On Range Summary Queries

We study the query version of the approximate heavy hitter and quantile problems. In the former problem, the input is a parameter $\varepsilon$ and a set $P$ of $n$ points in $\mathbb{R}^d$ where each point is assigned a color from a set $C$, and we want to build a structure s.t. given any geometric range $\gamma$, we can efficiently find a list of approximate heavy hitters in $\gamma\cap P$, i.e., colors that appear at least $\varepsilon |\gamma \cap P|$ times in $\gamma \cap P$, as well as their frequencies with an additive error of $\varepsilon |\gamma \cap P|$. In the latter problem, each point is assigned a weight from a totally ordered universe and the query must output a sequence $S$ of $1+1/\varepsilon$ weights s.t. the $i$-th weight in $S$ has approximate rank $i\varepsilon|\gamma\cap P|$, meaning, rank $i\varepsilon|\gamma\cap P|$ up to an additive error of $\varepsilon|\gamma\cap P|$. Previously, optimal results were only known in 1D [WY11] but a few sub-optimal methods were available in higher dimensions [AW17, ACH+12]. We study the problems for 3D halfspace and dominance queries. We consider the real RAM model with integer registers of size $w=\Theta(\log n)$ bits. For dominance queries, we show optimal solutions for both heavy hitter and quantile problems: using linear space, we can answer both queries in time $O(\log n + 1/\varepsilon)$. Note that as the output size is $\frac{1}{\varepsilon}$, after investing the initial $O(\log n)$ searching time, our structure takes on average $O(1)$ time to find a heavy hitter or a quantile! For more general halfspace heavy hitter queries, the same optimal query time can be achieved by increasing the space by an extra $\log_w\frac{1}{\varepsilon}$ (resp. $\log\log_w\frac{1}{\varepsilon}$) factor in 3D (resp. 2D).
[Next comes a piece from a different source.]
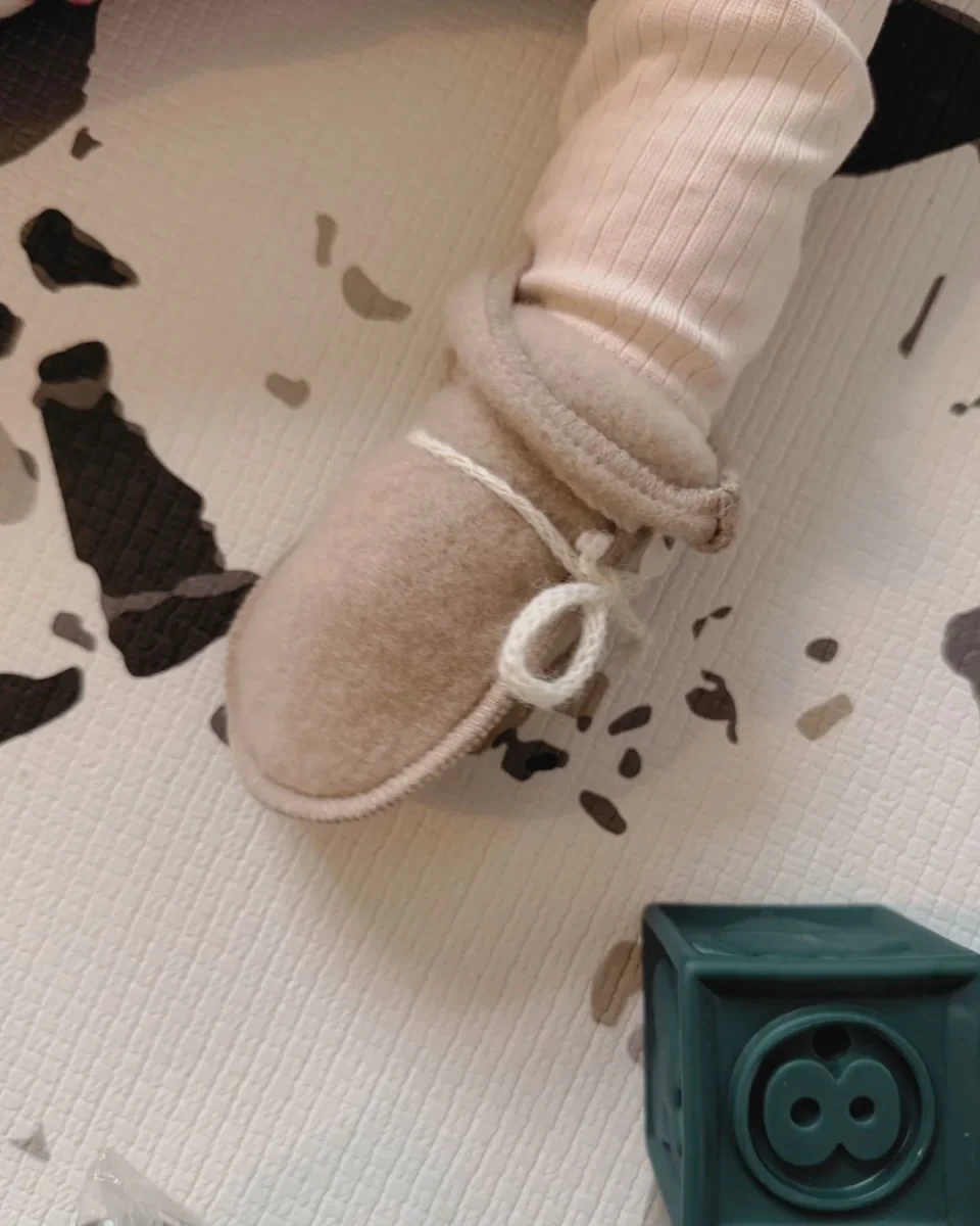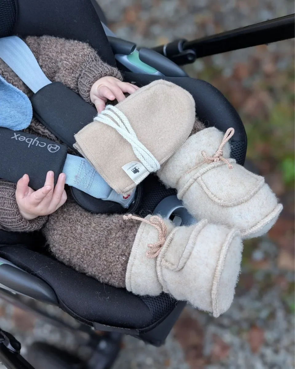 De wanten zijn verkrijgbaar in één maat, geschikt voor baby’s van 0 tot 3 maanden, en hebben een neutrale beige kleur die geschikt is voor zowel jongens als meisjes. Ze worden geproduceerd in Litouwen en zijn gecertificeerd met zowel Woolmark als OEKO-TEX®, wat garant staat voor hoge kwaliteit en het ontbreken van schadelijke stoffen.
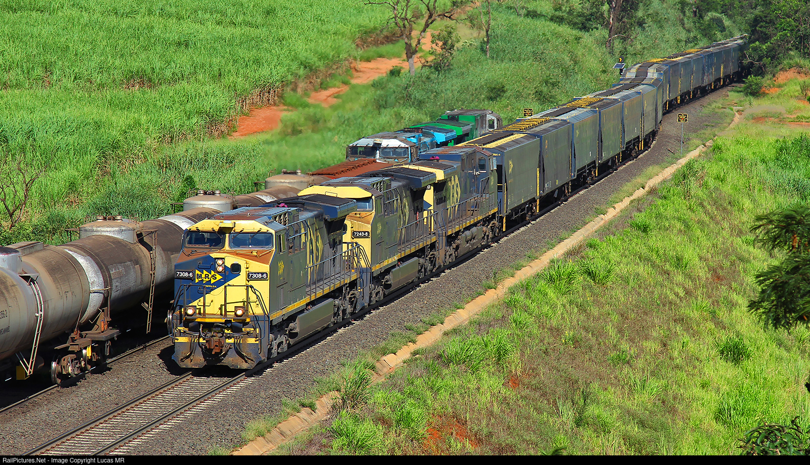 Northbound MRS train M83 led by AC44i #7308 meet southbound tanker T54 in Ouro yard.

By spending extra $\log^{O(1)}\frac{1}{\varepsilon}$ factors in time and space, we can also support quantile queries.

翻译：我们研究近似重击者和分位数问题的查询版本。在前一问题中，输入包含参数$\varepsilon$、集合$P$（由$\mathbb{R}^d$中$n$个点组成，每个点被赋予来自集合$C$的一种颜色），目标构建一种结构，使得对于任意几何范围$\gamma$，能高效找出$\gamma\cap P$中的近似重击者列表，即颜色在$\gamma\cap P$中出现至少$\varepsilon |\gamma \cap P|$次，并给出其频率（误差不超过$\varepsilon |\gamma \cap P|$）。在后一问题中，每个点被赋予一个来自全序全域的权重，查询需输出序列$S$（包含$1+1/\varepsilon$个权重），使得$S$中第$i$个权重的近似秩为$i\varepsilon|\gamma\cap P|$，即与真实秩$i\varepsilon|\gamma\cap P|$的误差不超过$\varepsilon|\gamma\cap P|$。此前，仅在一维情况下存在最优结果[WY11]，而高维空间中仅有少数次优方法[AW17, ACH+12]。我们研究三维半空间和支配查询下的这些问题。考虑实数RAM模型，整数寄存器大小为$w=\Theta(\log n)$比特。对于支配查询，我们给出重击者和分位数问题的最优解：使用线性空间，可在$O(\log n + 1/\varepsilon)$时间内回答两类查询。值得注意的是，由于输出大小为$\frac{1}{\varepsilon}$，在投入初始$O(\log n)$搜索时间后，我们的结构平均需要$O(1)$时间找到一个重击者或分位数！对于更一般的半空间重击者查询，通过将空间增加$\log_w\frac{1}{\varepsilon}$（三维）或$\log\log_w\frac{1}{\varepsilon}$（二维）因子，可实现相同的查询时间最优性。若额外增加时间和空间的$\log^{O(1)}\frac{1}{\varepsilon}$因子，还可支持分位数查询。